Jim: Many of the readers of the Semiconductor Packaging Blog are concerned with the “halogen-free movement”, other than www.Halogen-Free.com, where else can we find more information on the topic? Where do you find the latest news?
Tim: The IPC is about to publish their J-STD-709 “Low Halogen Standard.” That will be a very useful guideline on what parts of electronics assemblies may contain halogens and some of the potential challenges in implementing halogen-free alternatives. The IPC (www.ipc.org) also offers many technical programs geared toward green electronics and halogen-free. One such example (and an example of self-promotion) is at the APEX tradeshow at the end of March where Dr. Lasky and I will be presenting a ½ day workshop on halogen-free.
Jim: A half-day workshop demands a lot of material. I imagine the workshop must be quite in-depth, what does it consist of?
Tim: The workshop will cover some of the historical trends that have lead companies to develop “greener” and halogen-free electronics. The majority of the discussion will be about the “green” legislation around the globe and how halogen-free affects the electronics assembly process and end product reliability.
Jim: There are still holdouts for pb-free legislation. What do you say to anyone resisting the halogen-free movement?

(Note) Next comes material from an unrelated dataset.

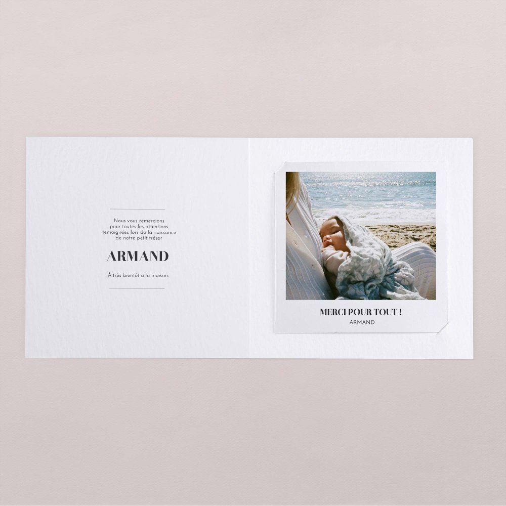 Cette carte de remerciements s'accompagne d'un cadeau glissé à l'intérieur : une photo de votre nouveau-né, inspirée du format polaroid (non magnétisé), qu'ils pourront conserver en souvenir, afficher selon leur inspiration, utiliser comme marque-page...

Tim: Halogen-free is probably less about legislation than Pb-Free was. In the case of Pb-Free, the European RoHS Directive basically mandated that if you were to sell into the EU then the product had to be without Pb. For halogen-free, there are some legislative influences but the primary influence is the consumer buying response to items that are deemed more environmentally friendly. For both Pb-Free and Halogen-Free, there are very specific and very different business decisions that will determine if and how a company makes that transition.
Jim: Last words?
Tim: The “green” movement in electronics will dramatically affect the assemblers. It will be critical for them to understand how material properties will change and what they need to do to minimize the impact on assembly yields and product reliability.